▸ **WORK ITEM**: From the first line to the last, output the data exactly as it stands, minus its pictures.

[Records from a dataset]
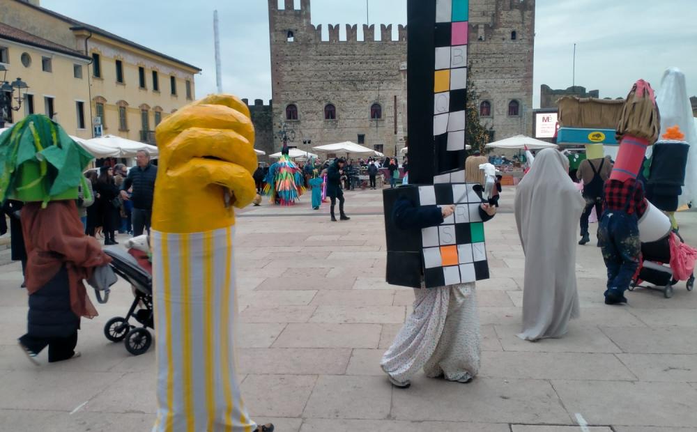 Una sfilata di strane e coloratissime creature fa la sua comparsa da Porta Vicenza per iniziare un giro tra le vie circostanti che poi si concluderà, di ritorno in piazza, sopra la celebre scacchiera.
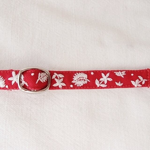 クリスマスローズとシダのモチーフをピュアホワイトで手刺繍した美しい真紅の首輪です。
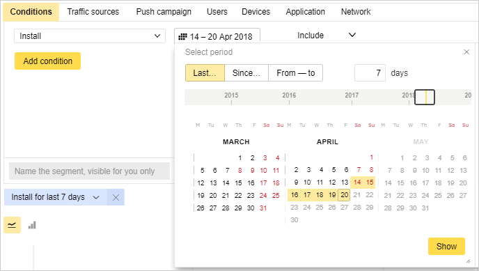 For example, you need to create a segment of users who installed your game during the past week. In AppMetrica, go to any report and choose the Conditions category. From the drop-down list, choose the event and specify the period in which it has to happen. Set the name of the segment.
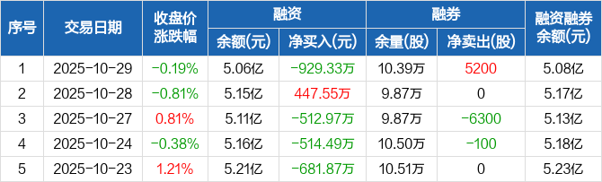 金禾实业:融资净偿还929.33万元,融资余额5.06亿元(10-29)
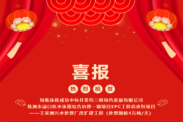 喜報(bào)熱烈祝賀綠衡環(huán)保成功中標(biāo)并簽約三峽綠色發(fā)展有限公司株洲市淥口區(qū)水環(huán)境綜合治理一期項(xiàng)目EPC工程總承包項(xiàng)目——王家洲污水處理廠改擴(kuò)建工程(處理規(guī)模4萬噸/天)...
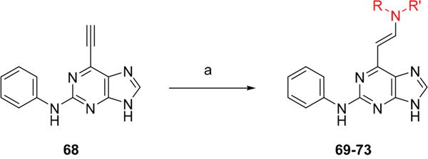 Scheme 5: Synthesis of 6-(dialkylamino)vinyl-purines.a a Reagents and conditions: (a) RR′NH, THF, microwave 100 °C, 10 min, 60 – 98% (Supplementary Table 1).

▸ **RESPONSE AREA**:
 Una sfilata di strane e coloratissime creature fa la sua comparsa da Porta Vicenza per iniziare un giro tra le vie circostanti che poi si concluderà, di ritorno in piazza, sopra la celebre scacchiera.
 クリスマスローズとシダのモチーフをピュアホワイトで手刺繍した美しい真紅の首輪です。
 For example, you need to create a segment of users who installed your game during the past week. In AppMetrica, go to any report and choose the Conditions category. From the drop-down list, choose the event and specify the period in which it has to happen. Set the name of the segment.
 金禾实业:融资净偿还929.33万元,融资余额5.06亿元(10-29)
 喜報(bào)熱烈祝賀綠衡環(huán)保成功中標(biāo)并簽約三峽綠色發(fā)展有限公司株洲市淥口區(qū)水環(huán)境綜合治理一期項(xiàng)目EPC工程總承包項(xiàng)目——王家洲污水處理廠改擴(kuò)建工程(處理規(guī)模4萬噸/天)...
 Scheme 5: Synthesis of 6-(dialkylamino)vinyl-purines.a a Reagents and conditions: (a) RR′NH, THF, microwave 100 °C, 10 min, 60 – 98% (Supplementary Table 1).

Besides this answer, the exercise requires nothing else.